── PROVIDED ENTRIES
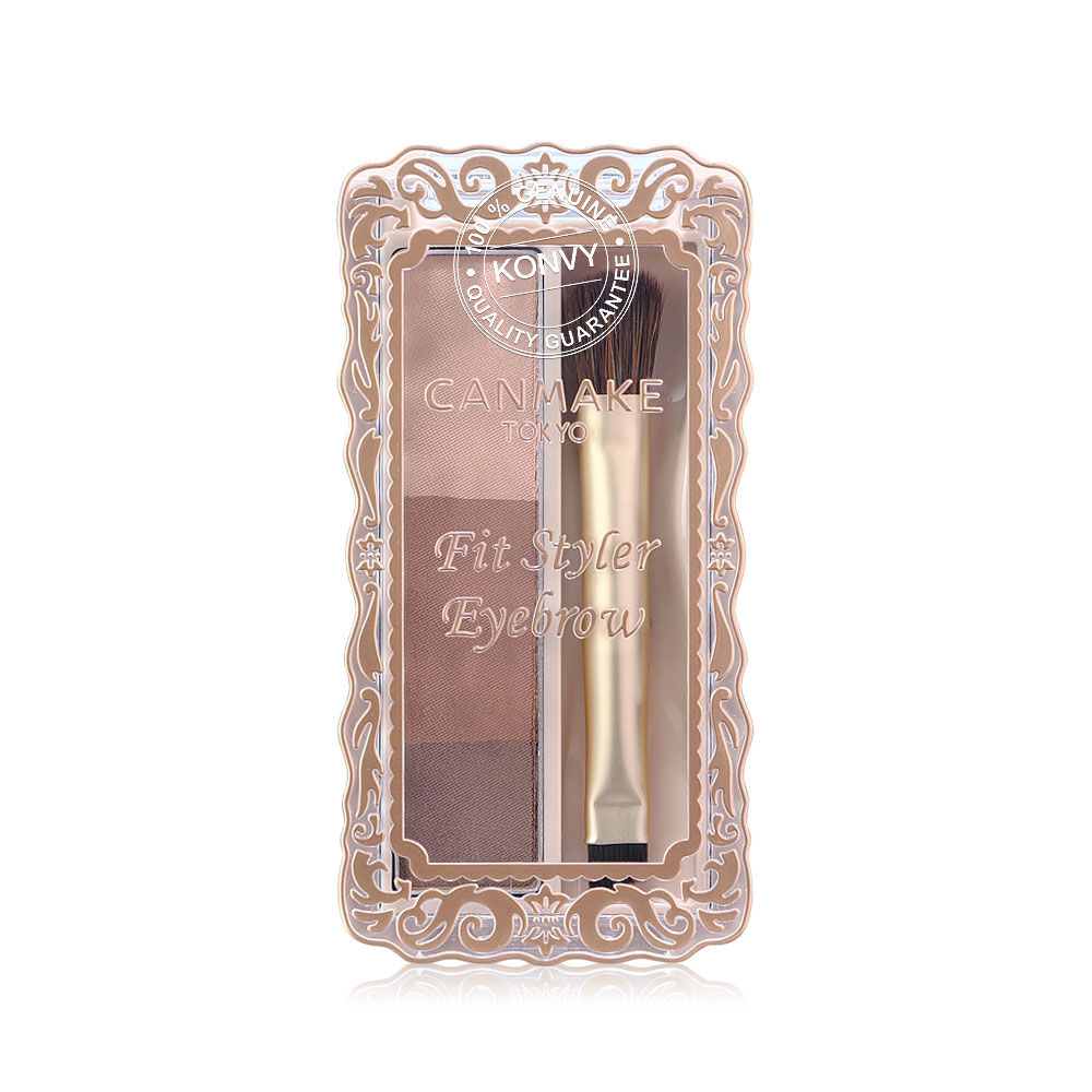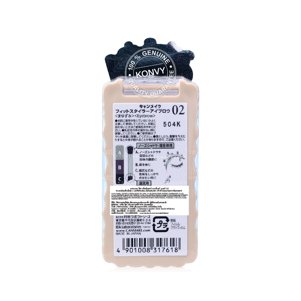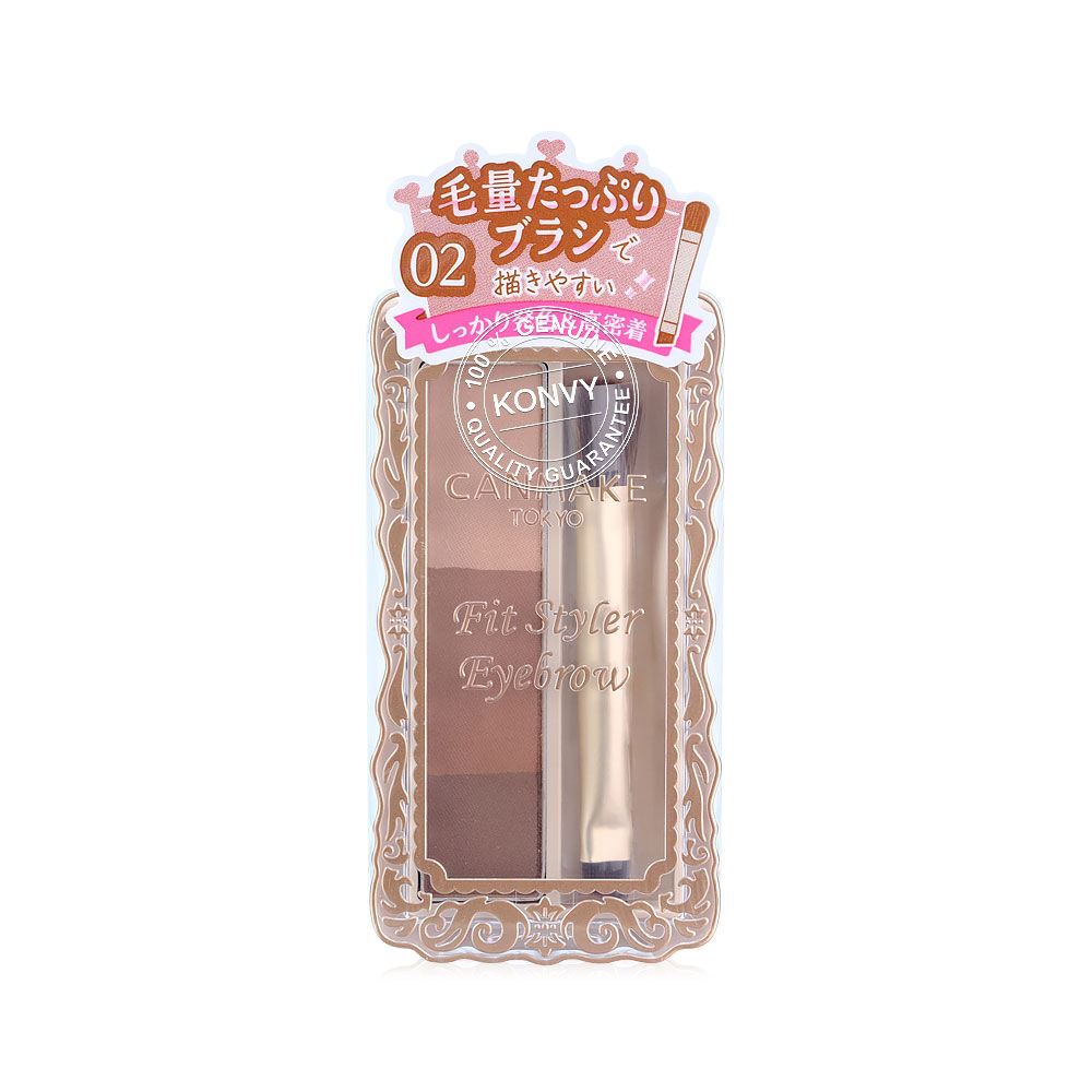 Canmake Fit Styler Eyebrow 2g #02 พาเลทเขียนคิ้วเนื้อฝุ่น 3 เฉดสีไล่โทนอ่อน-เข้มในตลับเดียว เม็ดสีชัด เกลี่ยง่าย กันน้ำ กันเหงื่อ ไม่เป็นก้อน ติดทนนาน ช่วยสร้างโครงคิ้วให้มีมิติ ดูเป็นธรรมชาติ มาพร้อมแปรงสองหัวในตลับ ใช้งานง่าย มอบฟินิชคิ้วสวยอย่างมืออาชีพ
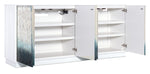 Unit price perWith the allure of an impressionistic painting, the Mediterranean Entertainment Credenza has four white and blue ombre-colored textured door fronts. The interior and case of the credenza is in a soft white. There are two adjustable shelves behind each pair of doors and a 3-plug outlet behind the left pair of doors in the upper right corner. Crafted of Pine and Maple Veneers, the credenza accommodates up to a 75-inch TV.
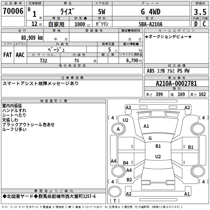 TOYOTA RAIZE - лот 70006
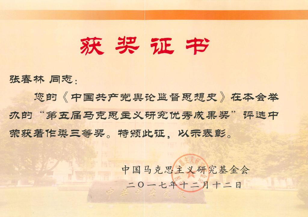 据了解,张春林教授此次获奖作品为《中国共产党舆论监督思想史》,该书由人民日报出版社出版,计38万字,是国内第一部系统研究中国共产党舆论监督思想史的学术专著。
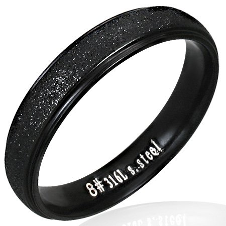 Bague en Acier Inoxydable - 4mm - Sablé Noir- taille 56
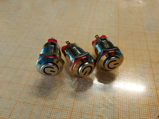 Кнопка на 12мм плоская (Flat) с фиксацией, фиксируется с провалом, не очень удобно включать немного глубоко фиксатор, палец толстоват для этой кнопочки, хотя пальцы не толстые. Сейчас понимаю лучше бы заказал которая с выступом (Extended). В общем сойдёт, что купил то получил.
────
▶ YOUR ASSIGNMENT
When copying the material, leave every image behind and keep each line verbatim.

▶ WRITTEN SOLUTION
 Canmake Fit Styler Eyebrow 2g #02 พาเลทเขียนคิ้วเนื้อฝุ่น 3 เฉดสีไล่โทนอ่อน-เข้มในตลับเดียว เม็ดสีชัด เกลี่ยง่าย กันน้ำ กันเหงื่อ ไม่เป็นก้อน ติดทนนาน ช่วยสร้างโครงคิ้วให้มีมิติ ดูเป็นธรรมชาติ มาพร้อมแปรงสองหัวในตลับ ใช้งานง่าย มอบฟินิชคิ้วสวยอย่างมืออาชีพ
 Unit price perWith the allure of an impressionistic painting, the Mediterranean Entertainment Credenza has four white and blue ombre-colored textured door fronts. The interior and case of the credenza is in a soft white. There are two adjustable shelves behind each pair of doors and a 3-plug outlet behind the left pair of doors in the upper right corner. Crafted of Pine and Maple Veneers, the credenza accommodates up to a 75-inch TV.
 TOYOTA RAIZE - лот 70006
 据了解,张春林教授此次获奖作品为《中国共产党舆论监督思想史》,该书由人民日报出版社出版,计38万字,是国内第一部系统研究中国共产党舆论监督思想史的学术专著。
 Bague en Acier Inoxydable - 4mm - Sablé Noir- taille 56
 Кнопка на 12мм плоская (Flat) с фиксацией, фиксируется с провалом, не очень удобно включать немного глубоко фиксатор, палец толстоват для этой кнопочки, хотя пальцы не толстые. Сейчас понимаю лучше бы заказал которая с выступом (Extended). В общем сойдёт, что купил то получил.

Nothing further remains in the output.